Generate a Graph (or Stack) from a Given Blockmodel Using Particular Expansion Rules


Description

blockmodel.expand takes a blockmodel and an expansion vector, and expands the former by making copies of the vertices.

Usage

blockmodel.expand(b, ev, mode="digraph", diag=FALSE)

Arguments

b

blockmodel object.

ev

a vector indicating the number of copies to make of each class (respectively).

mode

a string indicating whether the result should be a “graph” or “digraph”.

diag

a boolean indicating whether or not loops should be permitted.

Details

The primary use of blockmodel expansion is in generating test data from a blockmodeling hypothesis. Expansion is performed depending on the content type of the blockmodel; at present, only density is supported.
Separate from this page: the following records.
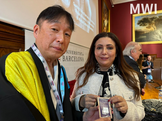 写真 ノーベル平和賞受賞者 Ouided Bouchamaouiさんに樽谷大助よりサダコの折り鶴のレプリカを贈呈
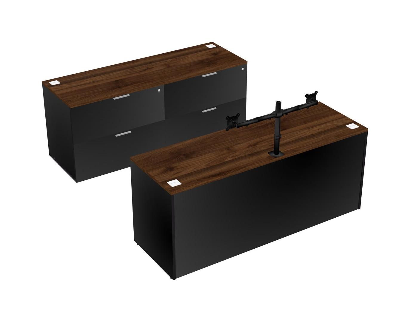 Bureau Parallèle En Noyer Columbia Avec Classeur Latéral, Tiroirs Mobiles En Bois Et Bras D'écran (bras Doubles)
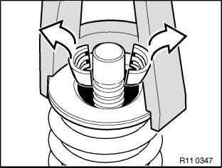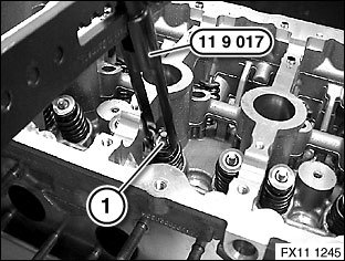 Press down valve spring and spring retainer (1) with special tool 11 9 017.
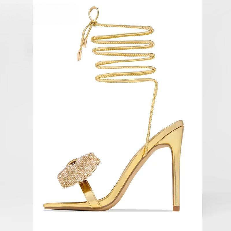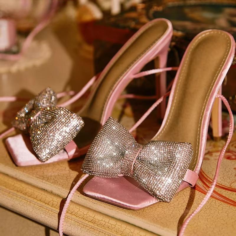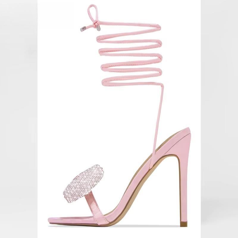 Sexy Butterfly Knot Rhinestone Open Toe Lace Up Sandals Women Party Wedding Banquet Summer Fashion Stripper Heels Shoes
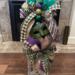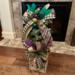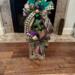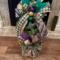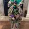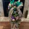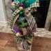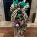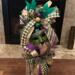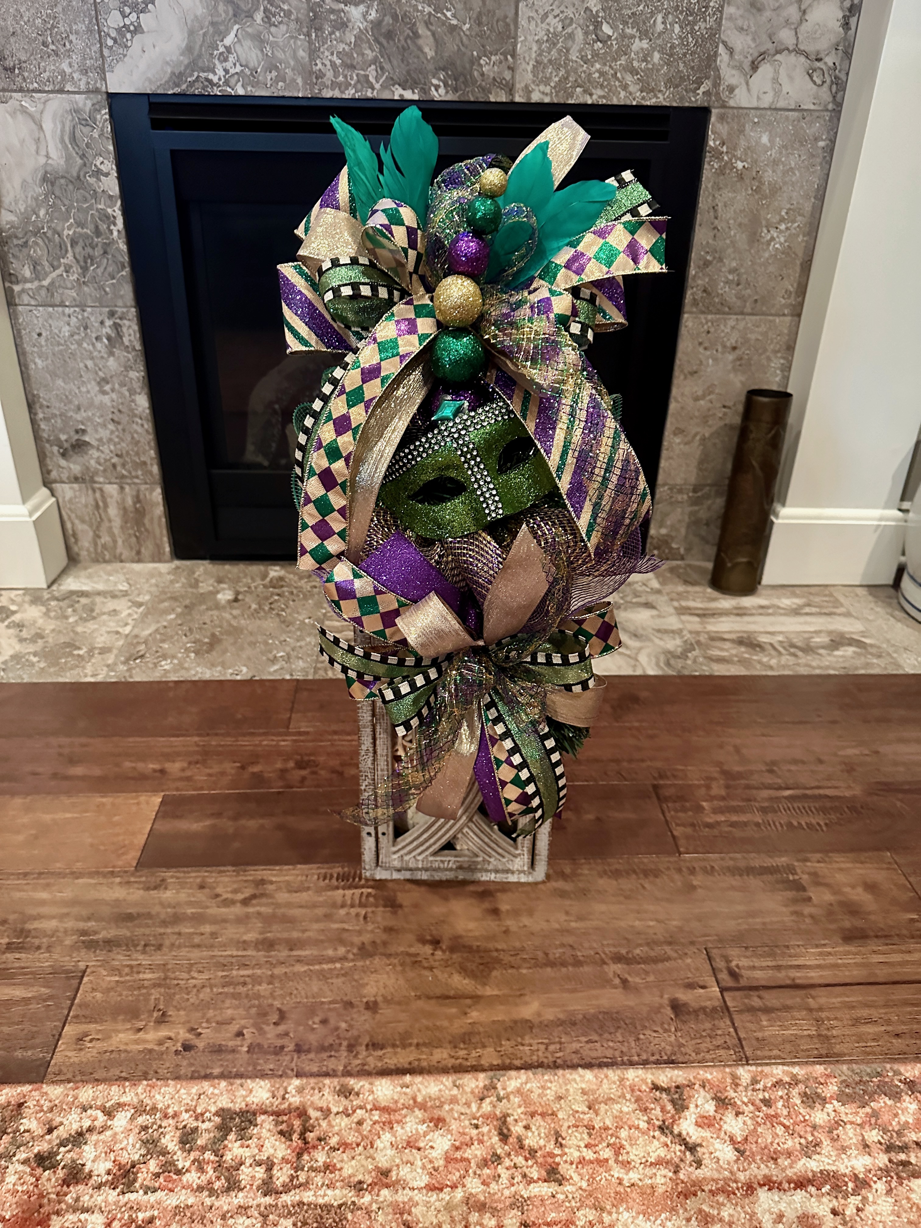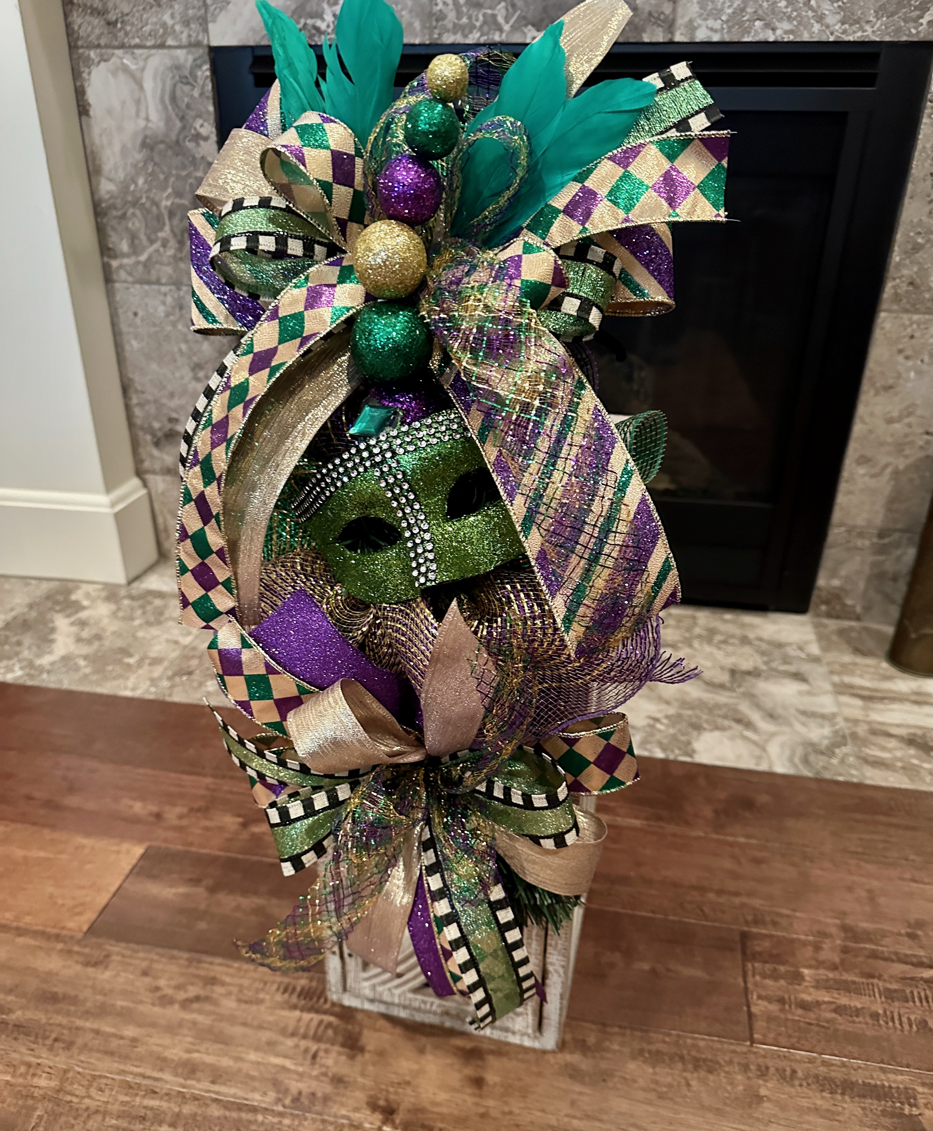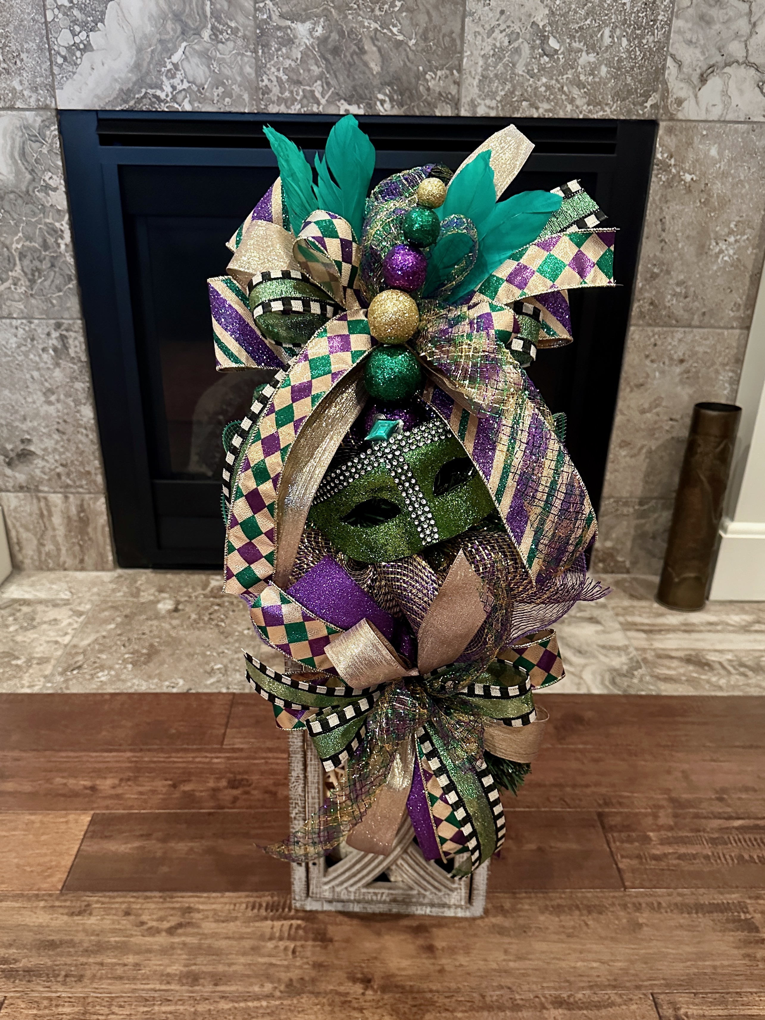 High quality, wired ribbons in Mardi Gras colors and patterns are used to make a large glam and glitter bow at the top with a complementary bow at the bottom. A total of 6 different ribbons are used in this design.
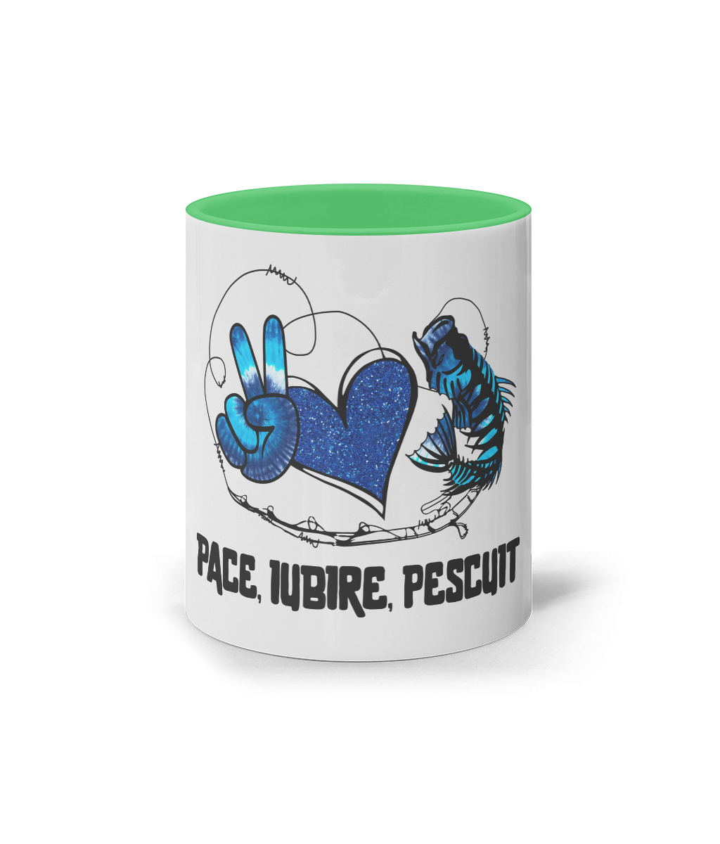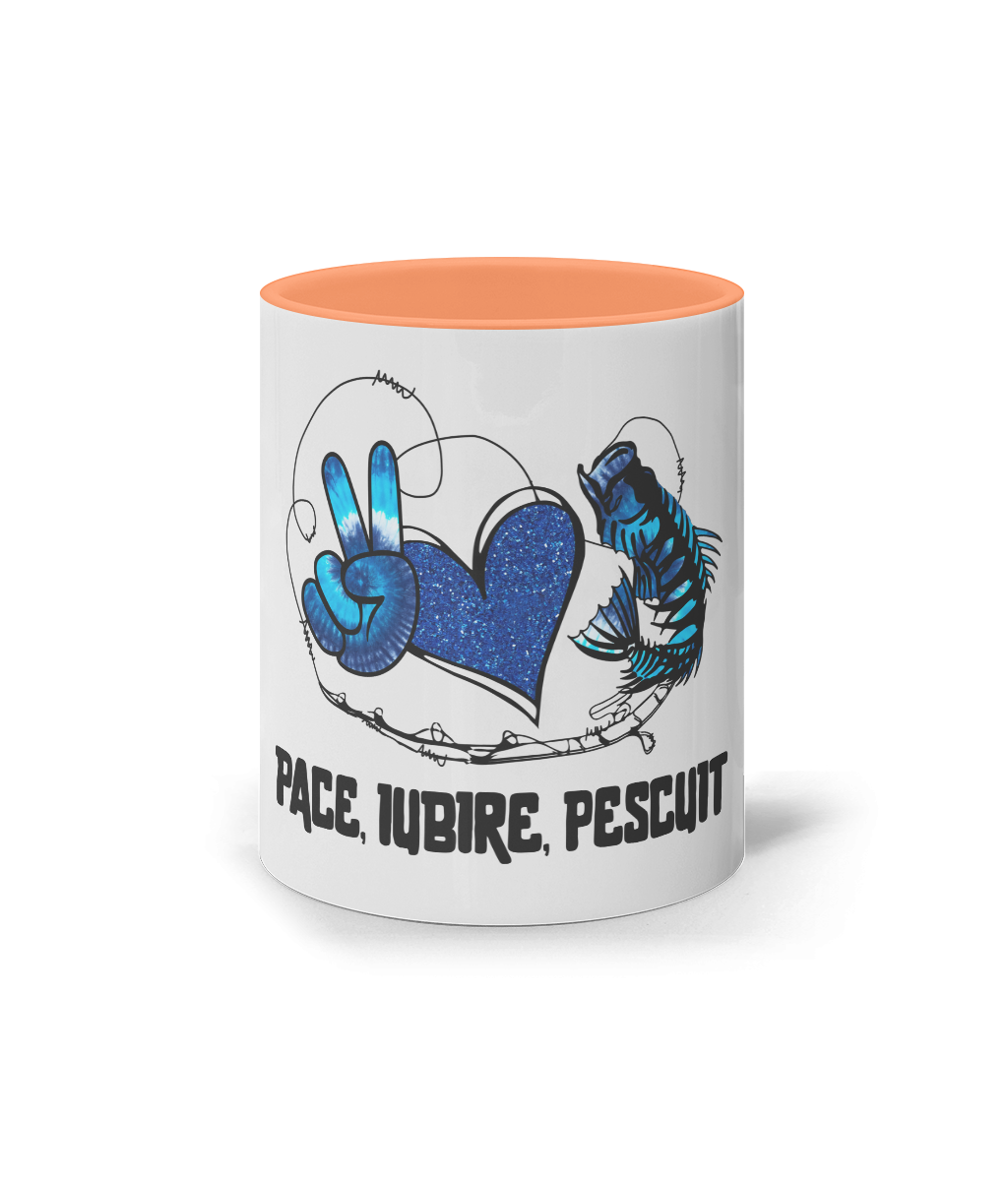 Cană ceramică colorată „Pace, iubire, pescuit”

For the density content type, expansion is performed by interpreting the interclass density as an edge probability, and by drawing random graphs from the Bernoulli parameter matrix formed by expanding the density model. Thus, repeated calls to blockmodel.expand can be used to generate a sample for monte carlo null hypothesis tests under a Bernoulli graph model.

Value

An adjacency matrix, or stack thereof.

Note

Eventually, other content types will be supported.

Author(s)

Carter T. Butts buttsc@uci.edu

References

Doreian, P.; Batagelj, V.; and Ferligoj, A. (2005). Generalized Blockmodeling. Cambridge: Cambridge University Press.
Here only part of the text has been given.